Assignment: Only some lines are wanted. Transcribe, exactly, the lines below from the line with "This kit includes" up to and including the line with "2025 Orix Buffaloes".

Exercise materials:
★ ★ ★ ★ ★
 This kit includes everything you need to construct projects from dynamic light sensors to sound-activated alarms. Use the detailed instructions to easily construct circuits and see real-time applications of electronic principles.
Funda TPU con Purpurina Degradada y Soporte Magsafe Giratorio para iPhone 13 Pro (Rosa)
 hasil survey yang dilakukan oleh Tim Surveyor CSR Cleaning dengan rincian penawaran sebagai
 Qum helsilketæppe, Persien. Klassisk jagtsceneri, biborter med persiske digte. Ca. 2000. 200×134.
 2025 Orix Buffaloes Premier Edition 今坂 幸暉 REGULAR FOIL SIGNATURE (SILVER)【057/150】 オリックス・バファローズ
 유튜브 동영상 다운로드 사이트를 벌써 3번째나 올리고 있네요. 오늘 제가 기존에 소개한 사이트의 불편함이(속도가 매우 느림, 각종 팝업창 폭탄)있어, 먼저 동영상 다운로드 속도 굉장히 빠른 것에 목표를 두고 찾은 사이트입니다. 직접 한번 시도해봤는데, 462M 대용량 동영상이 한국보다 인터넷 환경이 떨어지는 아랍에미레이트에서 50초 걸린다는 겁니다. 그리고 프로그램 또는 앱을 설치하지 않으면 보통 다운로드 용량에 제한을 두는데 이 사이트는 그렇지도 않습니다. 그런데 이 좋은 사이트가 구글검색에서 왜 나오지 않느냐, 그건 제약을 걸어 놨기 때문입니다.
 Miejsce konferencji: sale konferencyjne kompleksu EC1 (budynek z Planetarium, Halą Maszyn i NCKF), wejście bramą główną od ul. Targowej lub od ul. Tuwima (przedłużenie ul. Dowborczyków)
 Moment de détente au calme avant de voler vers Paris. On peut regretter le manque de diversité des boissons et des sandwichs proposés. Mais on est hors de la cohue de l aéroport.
★ ★ ★ ★ ★
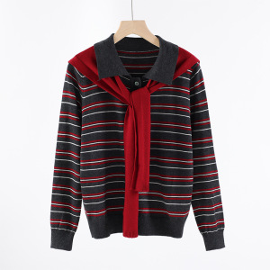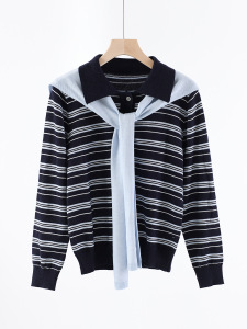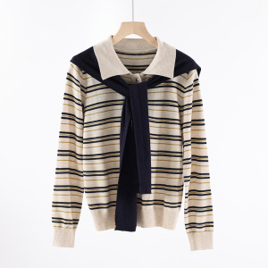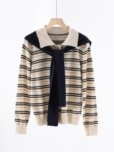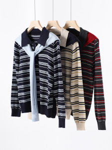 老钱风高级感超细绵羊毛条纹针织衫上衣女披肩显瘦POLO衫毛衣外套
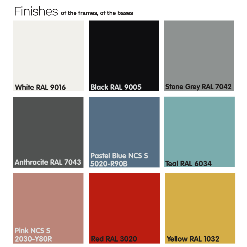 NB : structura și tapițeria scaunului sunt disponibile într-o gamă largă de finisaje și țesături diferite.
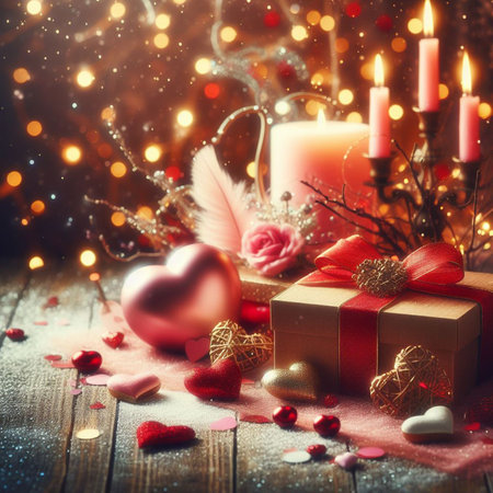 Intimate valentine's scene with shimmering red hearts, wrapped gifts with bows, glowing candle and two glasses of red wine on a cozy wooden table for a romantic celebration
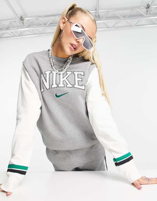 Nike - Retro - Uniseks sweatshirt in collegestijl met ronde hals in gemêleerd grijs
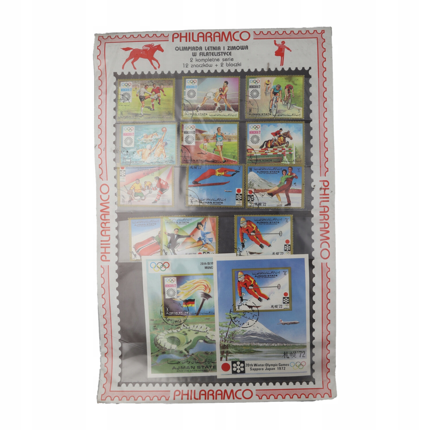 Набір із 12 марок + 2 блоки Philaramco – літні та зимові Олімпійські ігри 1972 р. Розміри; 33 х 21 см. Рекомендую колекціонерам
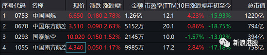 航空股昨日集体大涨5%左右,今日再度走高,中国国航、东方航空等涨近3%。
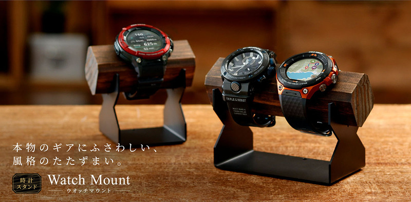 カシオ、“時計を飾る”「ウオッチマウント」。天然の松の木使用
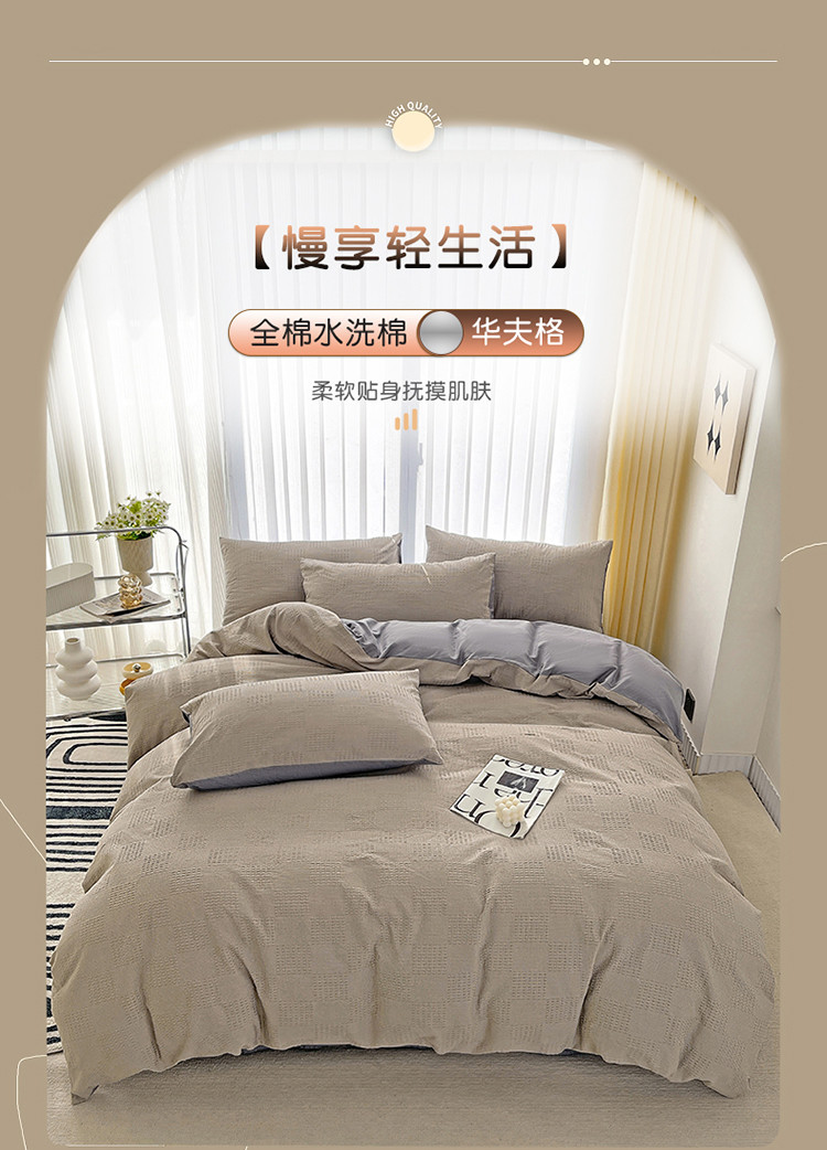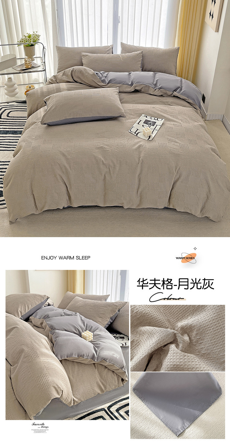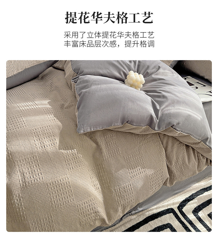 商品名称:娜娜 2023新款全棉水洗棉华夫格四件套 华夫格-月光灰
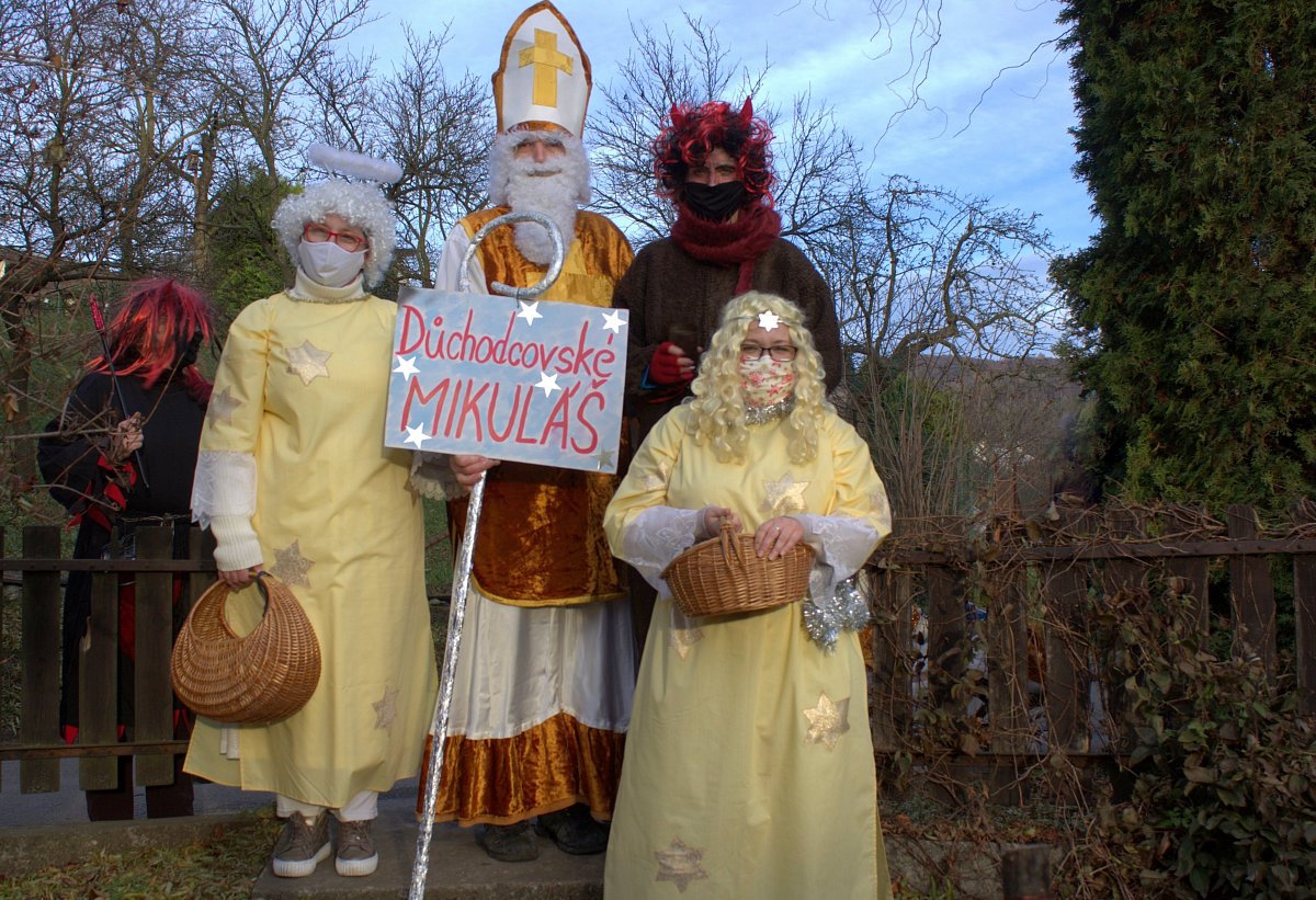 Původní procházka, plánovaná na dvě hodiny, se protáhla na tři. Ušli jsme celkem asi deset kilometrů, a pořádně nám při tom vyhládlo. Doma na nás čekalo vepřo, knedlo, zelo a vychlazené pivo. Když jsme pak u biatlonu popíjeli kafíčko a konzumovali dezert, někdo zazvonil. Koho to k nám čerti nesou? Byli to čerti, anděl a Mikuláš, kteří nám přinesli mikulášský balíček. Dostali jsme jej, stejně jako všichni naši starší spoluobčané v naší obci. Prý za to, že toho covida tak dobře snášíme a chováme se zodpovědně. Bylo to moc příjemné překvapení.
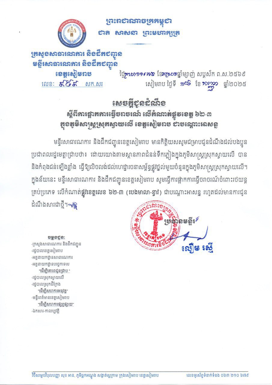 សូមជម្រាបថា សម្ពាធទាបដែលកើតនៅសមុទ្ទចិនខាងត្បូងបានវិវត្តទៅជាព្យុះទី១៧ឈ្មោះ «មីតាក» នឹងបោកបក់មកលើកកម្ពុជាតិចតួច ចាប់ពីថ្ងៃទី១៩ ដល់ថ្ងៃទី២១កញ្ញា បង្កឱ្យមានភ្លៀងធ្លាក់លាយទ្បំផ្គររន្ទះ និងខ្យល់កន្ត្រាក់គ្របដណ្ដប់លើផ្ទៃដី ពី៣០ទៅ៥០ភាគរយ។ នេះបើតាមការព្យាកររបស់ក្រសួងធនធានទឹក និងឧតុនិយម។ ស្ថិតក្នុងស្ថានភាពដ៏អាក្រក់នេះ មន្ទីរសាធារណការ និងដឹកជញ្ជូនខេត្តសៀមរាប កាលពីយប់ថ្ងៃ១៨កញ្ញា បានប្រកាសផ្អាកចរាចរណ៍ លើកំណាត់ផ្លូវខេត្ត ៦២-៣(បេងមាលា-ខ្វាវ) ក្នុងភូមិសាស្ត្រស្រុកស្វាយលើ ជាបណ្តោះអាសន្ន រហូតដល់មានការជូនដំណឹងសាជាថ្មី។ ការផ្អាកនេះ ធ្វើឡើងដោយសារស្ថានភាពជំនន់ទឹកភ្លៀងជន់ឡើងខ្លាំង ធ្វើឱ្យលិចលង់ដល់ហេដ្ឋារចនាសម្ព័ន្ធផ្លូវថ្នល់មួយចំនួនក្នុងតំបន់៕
★ ★ ★ ★ ★
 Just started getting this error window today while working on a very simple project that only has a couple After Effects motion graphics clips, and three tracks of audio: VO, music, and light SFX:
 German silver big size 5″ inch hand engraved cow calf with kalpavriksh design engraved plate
★ ★ ★ ★ ★
Solution for this problem:
 This kit includes everything you need to construct projects from dynamic light sensors to sound-activated alarms. Use the detailed instructions to easily construct circuits and see real-time applications of electronic principles.
Funda TPU con Purpurina Degradada y Soporte Magsafe Giratorio para iPhone 13 Pro (Rosa)
 hasil survey yang dilakukan oleh Tim Surveyor CSR Cleaning dengan rincian penawaran sebagai
 Qum helsilketæppe, Persien. Klassisk jagtsceneri, biborter med persiske digte. Ca. 2000. 200×134.
 2025 Orix Buffaloes Premier Edition 今坂 幸暉 REGULAR FOIL SIGNATURE (SILVER)【057/150】 オリックス・バファローズ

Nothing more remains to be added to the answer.